#### WHAT YOU ARE ASKED TO DO
Apart from the pictures, every entry below should be repeated exactly.

#### RECORDED INFORMATION
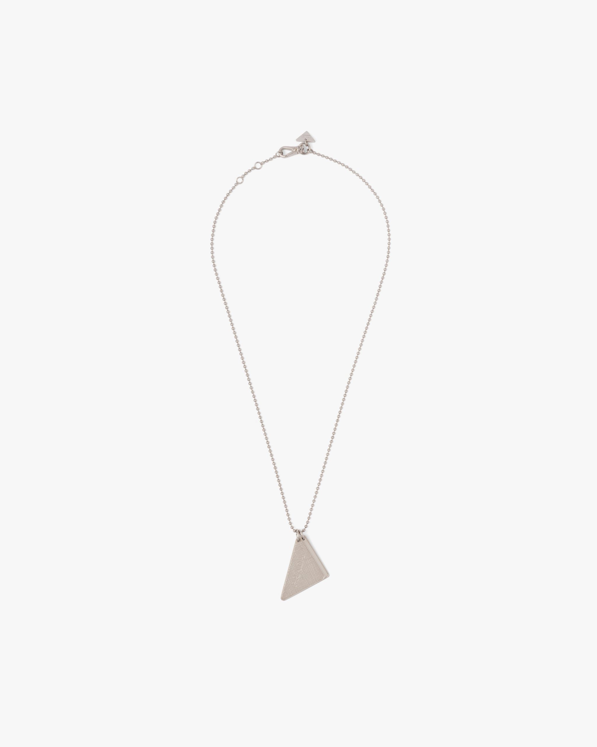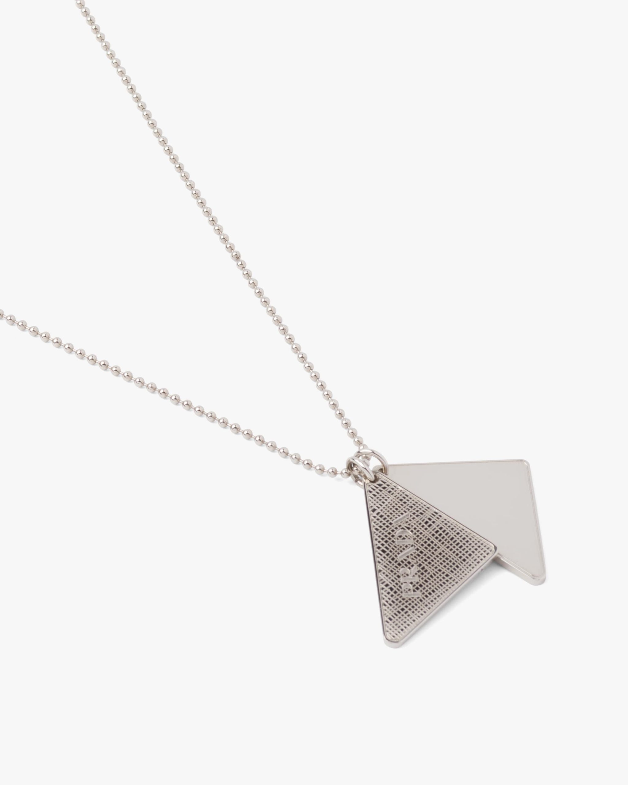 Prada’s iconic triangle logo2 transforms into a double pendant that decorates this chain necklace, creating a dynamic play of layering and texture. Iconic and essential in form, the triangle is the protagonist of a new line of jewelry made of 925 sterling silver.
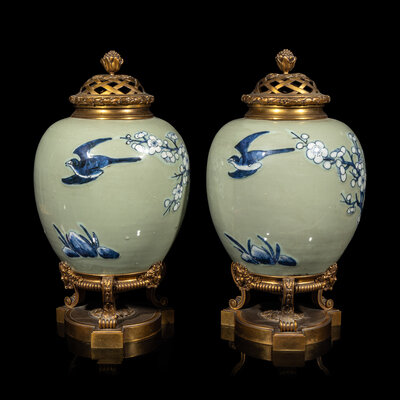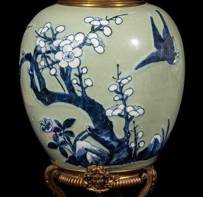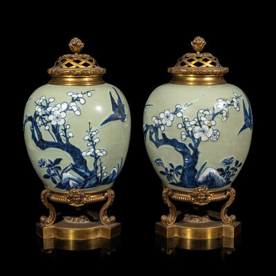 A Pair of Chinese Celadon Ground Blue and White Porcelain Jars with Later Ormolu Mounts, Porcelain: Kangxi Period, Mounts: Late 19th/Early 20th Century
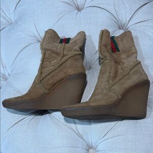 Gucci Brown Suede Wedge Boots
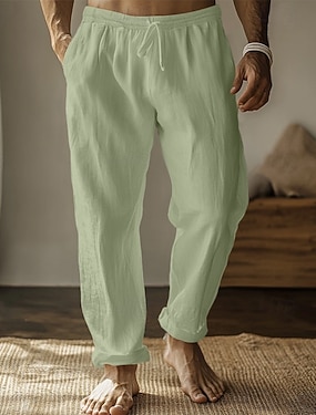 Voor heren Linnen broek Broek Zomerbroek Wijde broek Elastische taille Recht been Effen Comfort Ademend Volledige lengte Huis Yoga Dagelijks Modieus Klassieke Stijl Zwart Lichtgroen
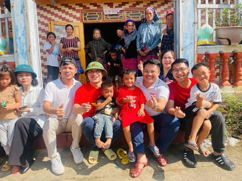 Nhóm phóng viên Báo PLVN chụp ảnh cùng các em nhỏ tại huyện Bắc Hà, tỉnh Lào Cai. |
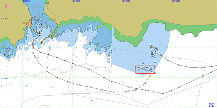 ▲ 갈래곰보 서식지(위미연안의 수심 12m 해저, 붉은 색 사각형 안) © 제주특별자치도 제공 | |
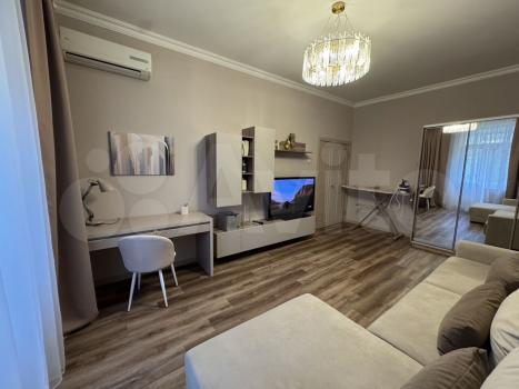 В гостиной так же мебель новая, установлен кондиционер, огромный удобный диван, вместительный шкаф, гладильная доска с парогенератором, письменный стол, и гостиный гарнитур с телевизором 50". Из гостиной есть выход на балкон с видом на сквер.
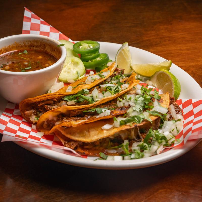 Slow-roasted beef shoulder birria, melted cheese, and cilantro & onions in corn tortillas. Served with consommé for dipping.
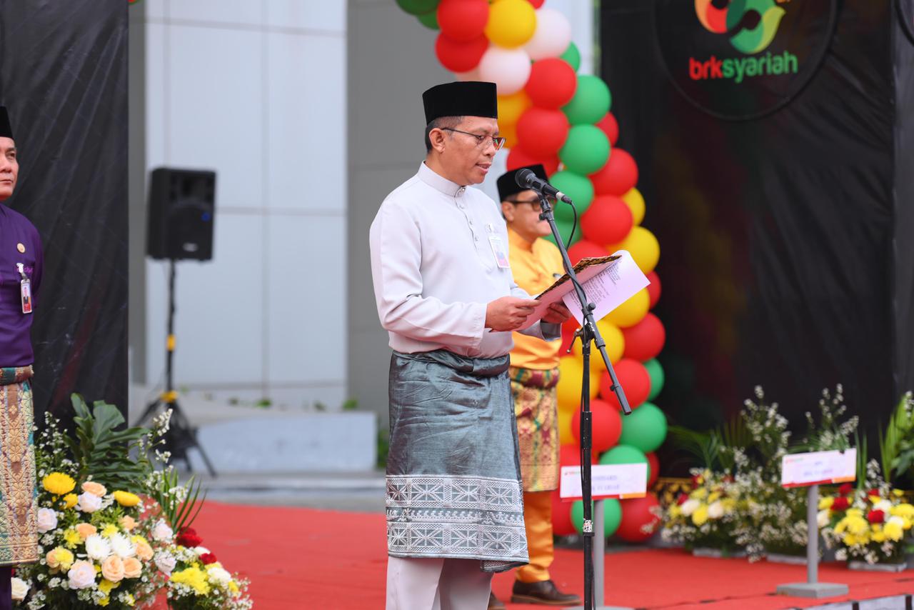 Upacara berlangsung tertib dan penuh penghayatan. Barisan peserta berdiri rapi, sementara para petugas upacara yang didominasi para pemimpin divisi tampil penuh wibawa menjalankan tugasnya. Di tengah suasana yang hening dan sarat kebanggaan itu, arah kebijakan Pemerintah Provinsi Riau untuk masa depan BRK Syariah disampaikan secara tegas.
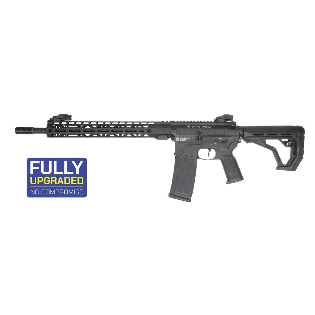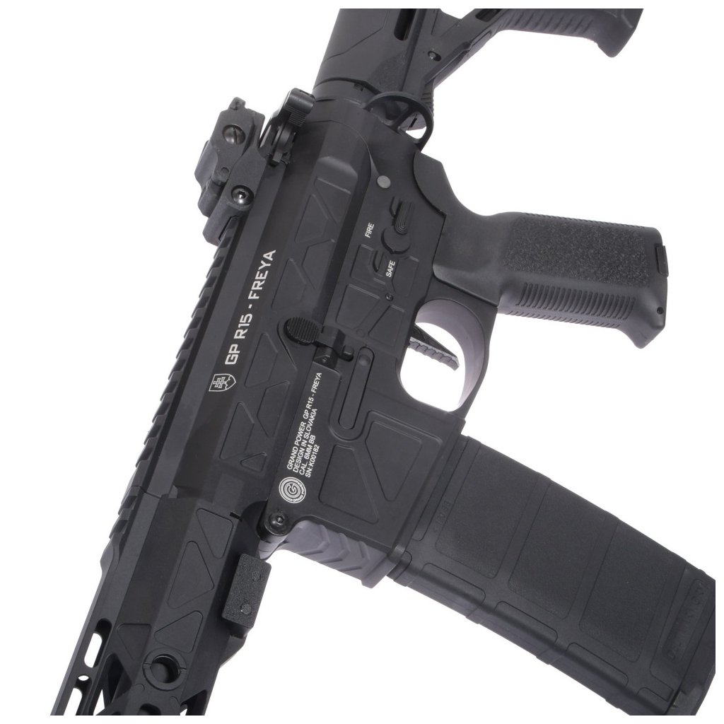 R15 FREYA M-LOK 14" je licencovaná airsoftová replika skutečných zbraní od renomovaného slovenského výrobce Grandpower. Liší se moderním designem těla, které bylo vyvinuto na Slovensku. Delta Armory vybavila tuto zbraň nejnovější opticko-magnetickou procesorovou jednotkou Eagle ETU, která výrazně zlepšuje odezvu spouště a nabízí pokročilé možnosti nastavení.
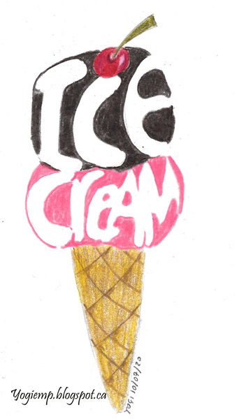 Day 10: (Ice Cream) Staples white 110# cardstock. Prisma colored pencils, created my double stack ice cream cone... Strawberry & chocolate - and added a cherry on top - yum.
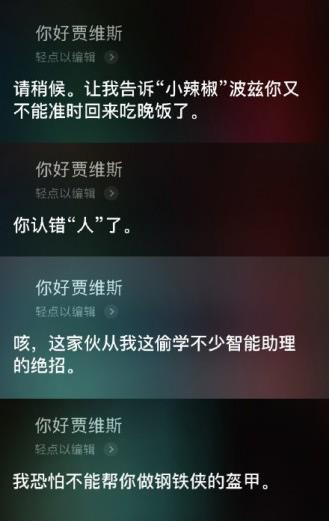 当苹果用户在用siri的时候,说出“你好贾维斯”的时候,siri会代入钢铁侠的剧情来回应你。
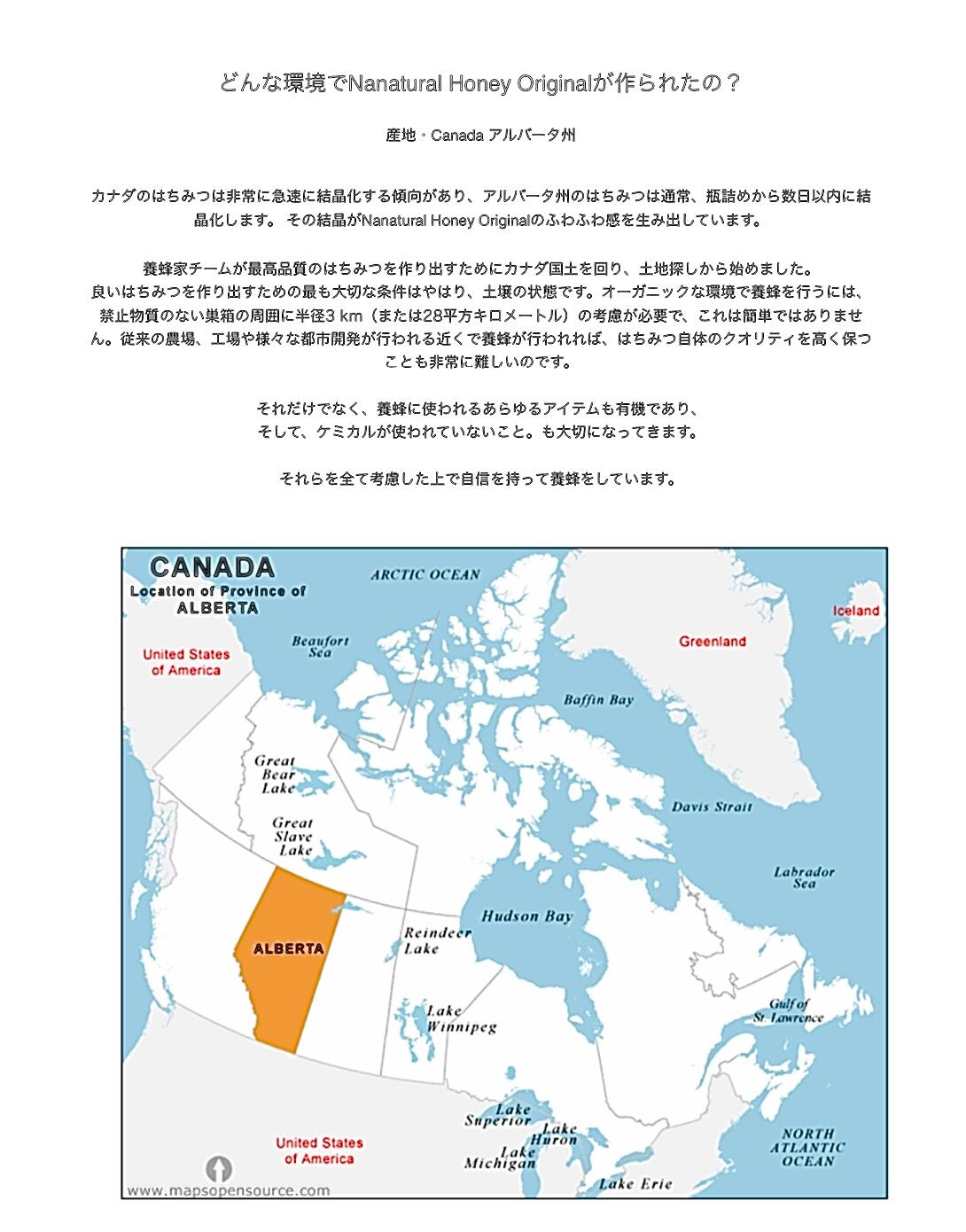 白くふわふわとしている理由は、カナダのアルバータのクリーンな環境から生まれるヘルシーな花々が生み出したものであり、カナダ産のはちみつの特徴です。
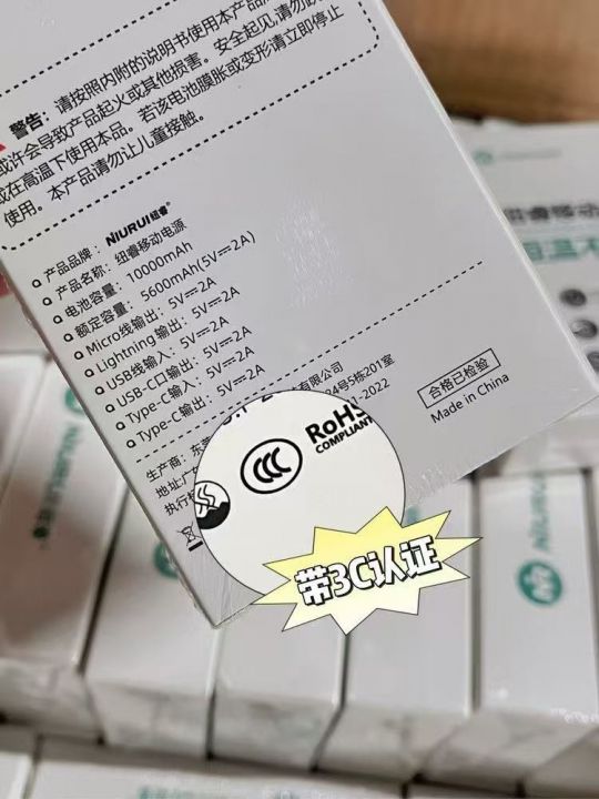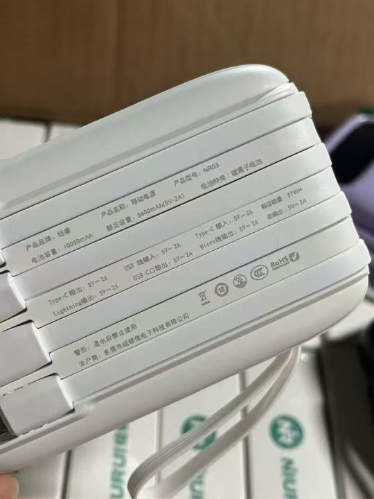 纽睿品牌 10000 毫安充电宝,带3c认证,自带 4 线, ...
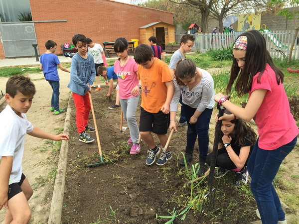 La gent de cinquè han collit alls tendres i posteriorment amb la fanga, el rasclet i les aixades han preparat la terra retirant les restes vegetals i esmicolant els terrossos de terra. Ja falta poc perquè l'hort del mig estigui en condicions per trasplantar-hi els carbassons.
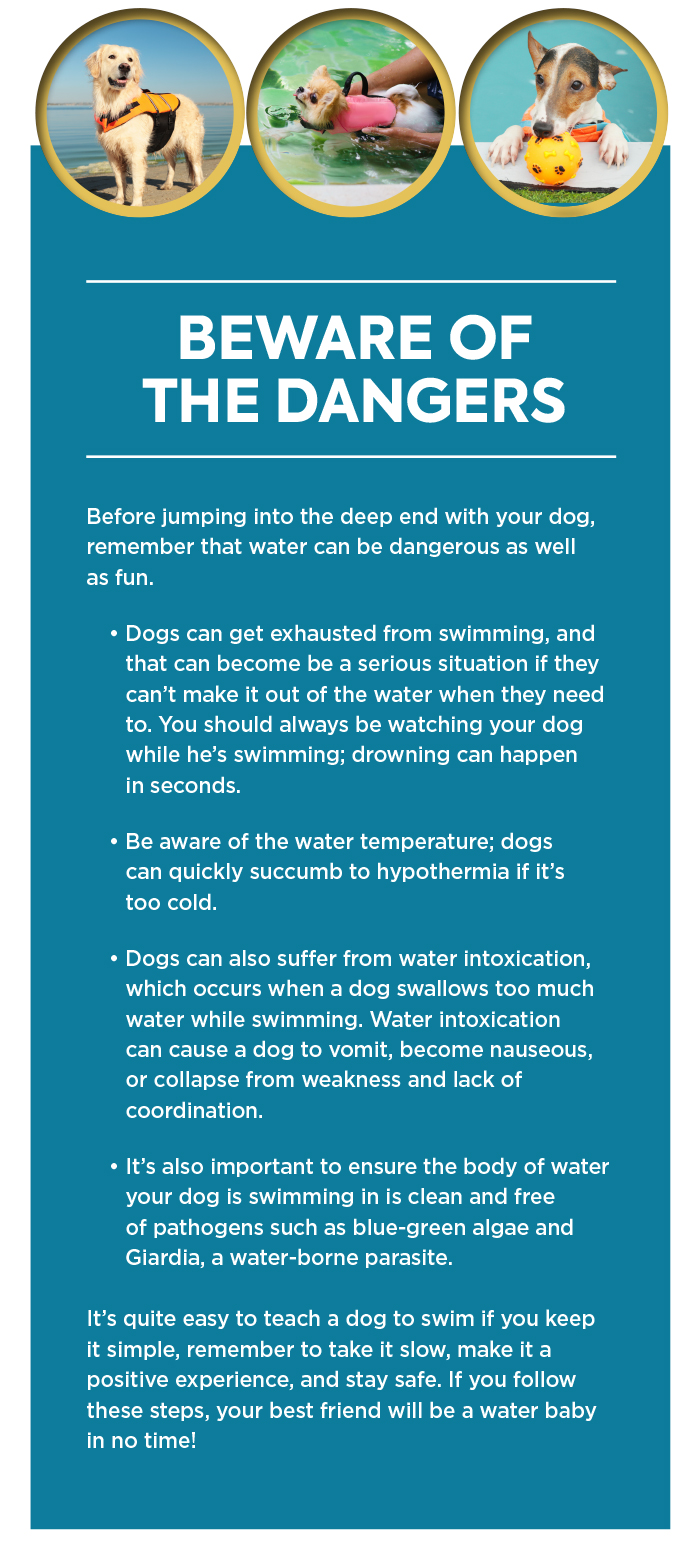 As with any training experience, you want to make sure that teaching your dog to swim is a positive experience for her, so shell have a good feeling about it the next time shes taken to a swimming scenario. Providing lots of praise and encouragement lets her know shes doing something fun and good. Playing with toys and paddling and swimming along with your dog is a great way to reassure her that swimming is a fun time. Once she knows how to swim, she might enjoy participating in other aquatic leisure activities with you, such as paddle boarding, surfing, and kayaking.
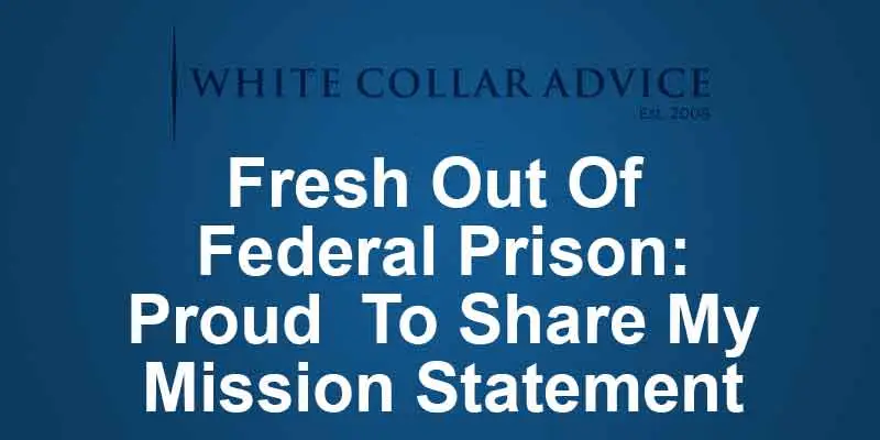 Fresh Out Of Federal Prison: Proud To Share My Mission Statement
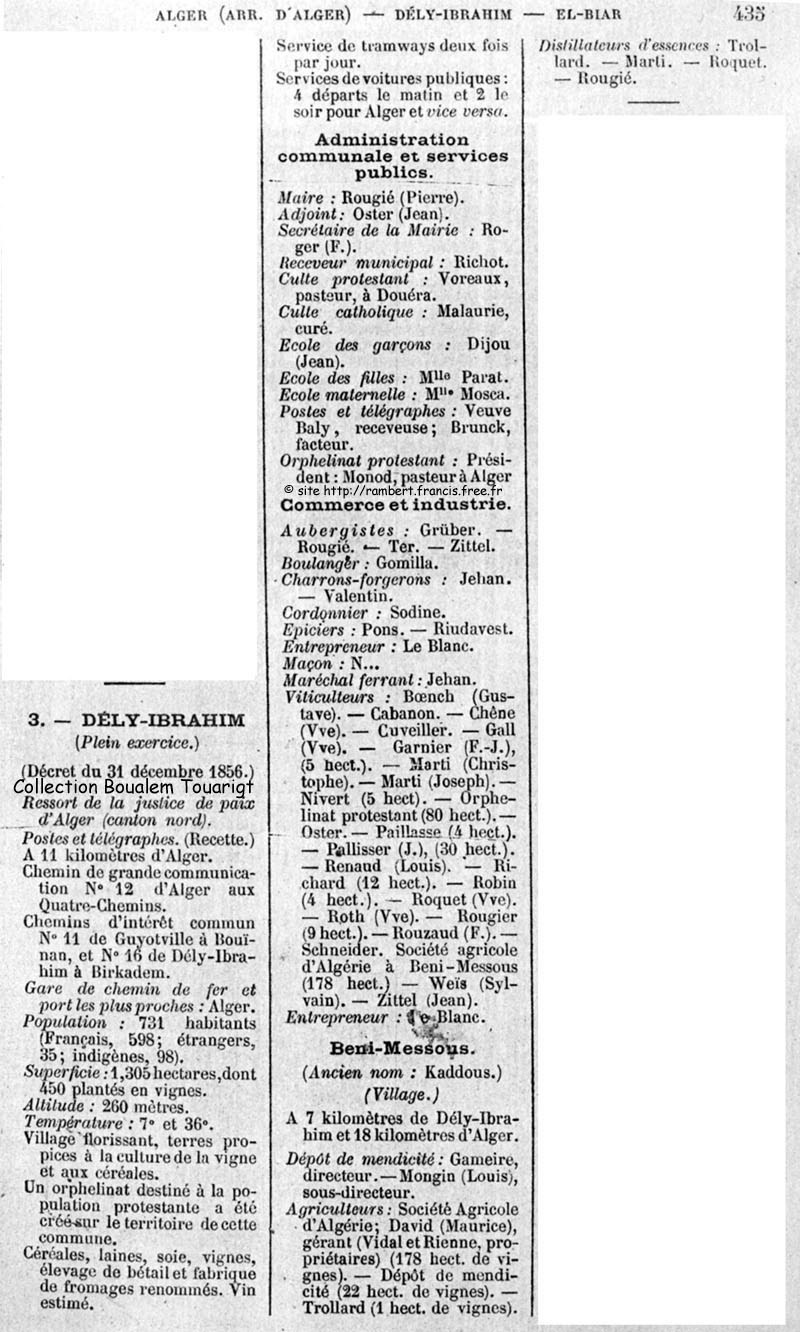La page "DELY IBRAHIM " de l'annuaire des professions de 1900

#### WRITTEN ANSWER
 Prada’s iconic triangle logo2 transforms into a double pendant that decorates this chain necklace, creating a dynamic play of layering and texture. Iconic and essential in form, the triangle is the protagonist of a new line of jewelry made of 925 sterling silver.
 A Pair of Chinese Celadon Ground Blue and White Porcelain Jars with Later Ormolu Mounts, Porcelain: Kangxi Period, Mounts: Late 19th/Early 20th Century
 Gucci Brown Suede Wedge Boots
 Voor heren Linnen broek Broek Zomerbroek Wijde broek Elastische taille Recht been Effen Comfort Ademend Volledige lengte Huis Yoga Dagelijks Modieus Klassieke Stijl Zwart Lichtgroen
 Nhóm phóng viên Báo PLVN chụp ảnh cùng các em nhỏ tại huyện Bắc Hà, tỉnh Lào Cai. |
 ▲ 갈래곰보 서식지(위미연안의 수심 12m 해저, 붉은 색 사각형 안) © 제주특별자치도 제공 | |
 В гостиной так же мебель новая, установлен кондиционер, огромный удобный диван, вместительный шкаф, гладильная доска с парогенератором, письменный стол, и гостиный гарнитур с телевизором 50". Из гостиной есть выход на балкон с видом на сквер.
 Slow-roasted beef shoulder birria, melted cheese, and cilantro & onions in corn tortillas. Served with consommé for dipping.
 Upacara berlangsung tertib dan penuh penghayatan. Barisan peserta berdiri rapi, sementara para petugas upacara yang didominasi para pemimpin divisi tampil penuh wibawa menjalankan tugasnya. Di tengah suasana yang hening dan sarat kebanggaan itu, arah kebijakan Pemerintah Provinsi Riau untuk masa depan BRK Syariah disampaikan secara tegas.
 R15 FREYA M-LOK 14" je licencovaná airsoftová replika skutečných zbraní od renomovaného slovenského výrobce Grandpower. Liší se moderním designem těla, které bylo vyvinuto na Slovensku. Delta Armory vybavila tuto zbraň nejnovější opticko-magnetickou procesorovou jednotkou Eagle ETU, která výrazně zlepšuje odezvu spouště a nabízí pokročilé možnosti nastavení.
 Day 10: (Ice Cream) Staples white 110# cardstock. Prisma colored pencils, created my double stack ice cream cone... Strawberry & chocolate - and added a cherry on top - yum.
 当苹果用户在用siri的时候,说出“你好贾维斯”的时候,siri会代入钢铁侠的剧情来回应你。
 白くふわふわとしている理由は、カナダのアルバータのクリーンな環境から生まれるヘルシーな花々が生み出したものであり、カナダ産のはちみつの特徴です。
 纽睿品牌 10000 毫安充电宝,带3c认证,自带 4 线, ...
 La gent de cinquè han collit alls tendres i posteriorment amb la fanga, el rasclet i les aixades han preparat la terra retirant les restes vegetals i esmicolant els terrossos de terra. Ja falta poc perquè l'hort del mig estigui en condicions per trasplantar-hi els carbassons.
 As with any training experience, you want to make sure that teaching your dog to swim is a positive experience for her, so shell have a good feeling about it the next time shes taken to a swimming scenario. Providing lots of praise and encouragement lets her know shes doing something fun and good. Playing with toys and paddling and swimming along with your dog is a great way to reassure her that swimming is a fun time. Once she knows how to swim, she might enjoy participating in other aquatic leisure activities with you, such as paddle boarding, surfing, and kayaking.
 Fresh Out Of Federal Prison: Proud To Share My Mission Statement
La page "DELY IBRAHIM " de l'annuaire des professions de 1900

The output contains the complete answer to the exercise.